# Breed discussion- Game fowl vs Egg layers/meat producers



## Flaustin1 (Jul 2, 2016)

I raised and showed game fowl for about 8 yrs.  I was always surprised at how witty and cunning they were.  I recently got back into chickens but on the other end of the spectrum.

I purchased layers and meat producers of all ages.  Also one ornamental breed.  Im astounded at how dumb these chickens are.  They forget where their water is daily.  They get themselves into predicaments that I never had issues with when I had gamefowl.  

I sure wish game fowl laid good eggs year round.


----------



## deedly (Jul 16, 2016)

Cross the game fowl with road island reds


----------



## Flaustin1 (Jul 16, 2016)

That's worth a shot I guess.


----------



## OneCrazyGeek (Jul 22, 2016)

I say keep the game fowl pure.
They have more personality than the other two.l


----------



## owl (Aug 7, 2016)

I prefer the taste of game fowl eggs to any other


----------



## Flaustin1 (Aug 8, 2016)

Well as of now, I don't have gamefowl.  I quit showing them due to obvious reasons so I got rid of them.  The itch for chickens bit me again so I got layers.  Theyre definitely dumb though.


----------



## Luke0927 (Aug 12, 2016)

Get you a mix of both,  my dad has game foul we just have a few hens from him that the kids brought home from a unwanted hatching.  I think they are too skidish but they weren't handled a lot as young poults more free range, which does work out better.  We've had trouble with my grandmas dog next door getting chickens she can't catch the game hens.

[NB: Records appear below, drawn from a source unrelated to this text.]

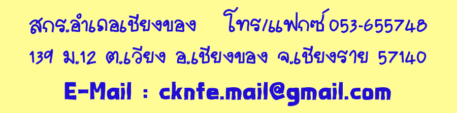 ศูนย์ส่งเสริมการเรียนรู้อำเภอเชียงของ (สกร.อำเภอเชียงของ) หรือ กศน.อำเภอเชียงของเดิมนั้น ตั้งอยู่ในบริเวณที่ว่าการอำเภอเชียงของ ถนนสายเชียงราย-ท่าเรือบั๊ค ห่างจากจังหวัดเชียงราย 105 กิโลเมตร จัดการศึกษาใน 3 รูปแบบ ได้แก่ 1.การเรียนรู้ตลอดชีวิต 2.การเรียนรู้เพื่อการพัฒนาตนเอง 3.การเรียนรู้เพื่อคุณวุฒิตามระดับ ในพื้นที่อำเภอเชียงของให้กับประชาชน ชาวพื้นเมืองล้านนา และกลุ่มชนเผ่า ชาติพันธุ์ ได้แก่ ไทลื้อ ขมุ ม้ง ลาหู่ เป็นต้น มีผู้บริหารและบุคลากรปฏิบัติงานในพื้นที่ จำนวน 21 คน มีศูนย์การเรียนรู้และแหล่งเรียนรู้ คือ กศน.ตำบล 7 แห่ง, ศูนย์การเรียนชุมชนชาวไทยภูเขา “แม่ฟ้าหลวง” ศศช. 4 แห่ง ศูนย์การเรียนชุมชน 2 แห่ง และห้องสมุดประชาชน 1 แห่ง ปัจจุบันมีนายประจันทร์ อินประสงค์ เป็นผู้อำนวยการสถานศึกษา
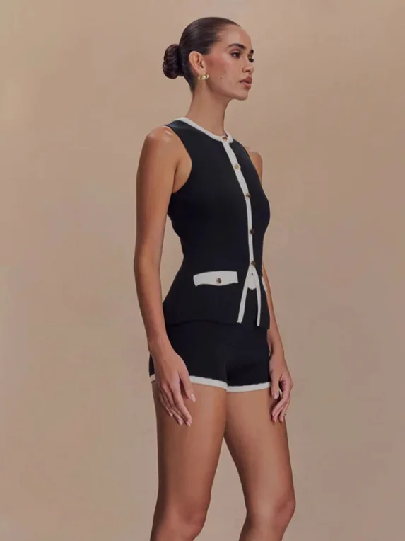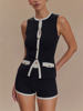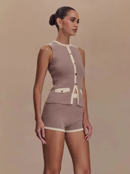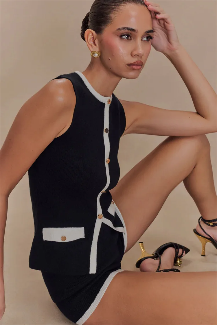 Tossy Elegant Knit Cardigan Vestidos Female Pocket Slim Contrast High Waist Patchwork Sleeveless Top Knitwear Women’s Outwear
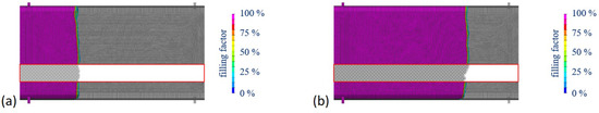 At the radii of the top and bottom edges, high preform compaction is observed during the preform process (Figure 11). If this greater compaction is mapped with a higher fiber volume content in the shell elements, an unrealistic simulation result is obtained because the shell elements assume homogeneous properties in the thickness direction. However, the compaction in the edge area is much higher than in the side surfaces of the preform, so that the preform thickness in the edge region is already lower than the cavity height (dashed line in Figure 11). Therefore, in reality, a flow channel for the resin exists. In approximation, this effect can only be represented with a locally lower fiber volume content (or higher permeability) for the shell elements at the top and bottom edges. Figure 10c,e show that less compaction (flow channel) at the top or bottom edge of the preform results in a higher flow in these areas, which alters the shape of the flow in the flat surfaces significantly. The progression of the flow front is faster towards the top and bottom of the profile.
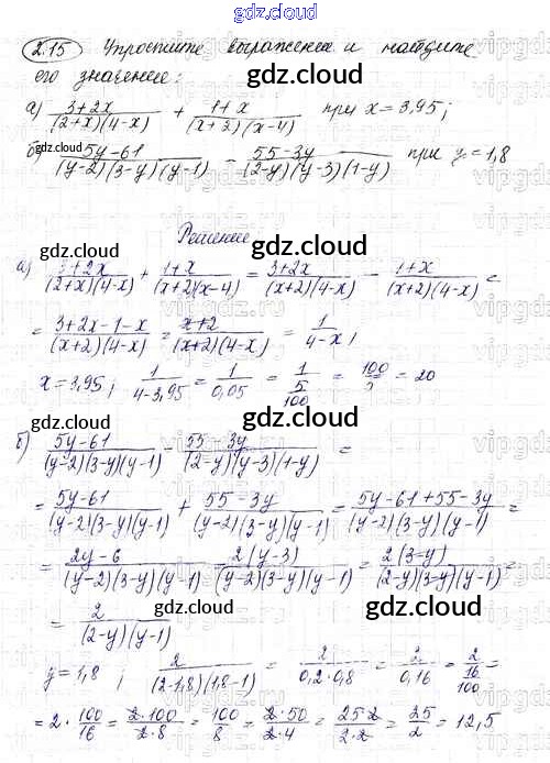 Ответ на задание 15 Задачник Алгебра за 8 (восьмой) класс Мордкович УМК Углубленный уровень 2016 Часть 1, 2 ФГОС онлайн и без номера телефона.

Funny though my Buffs and Barred rocks are not dumb very smart and good hens but they didn't come from a hatchery....I would try and find some pullets that were raised from a hen.

I'll probably have some for sale next year.  My boys are (9 and 7) are going to start doing the egg and chick thing for little side money next year.  Just had a buff hatch out 6 poults.  Little late in the year but she was broody and why not.


----------



## Flaustin1 (Aug 13, 2016)

Mine were hen raised.


----------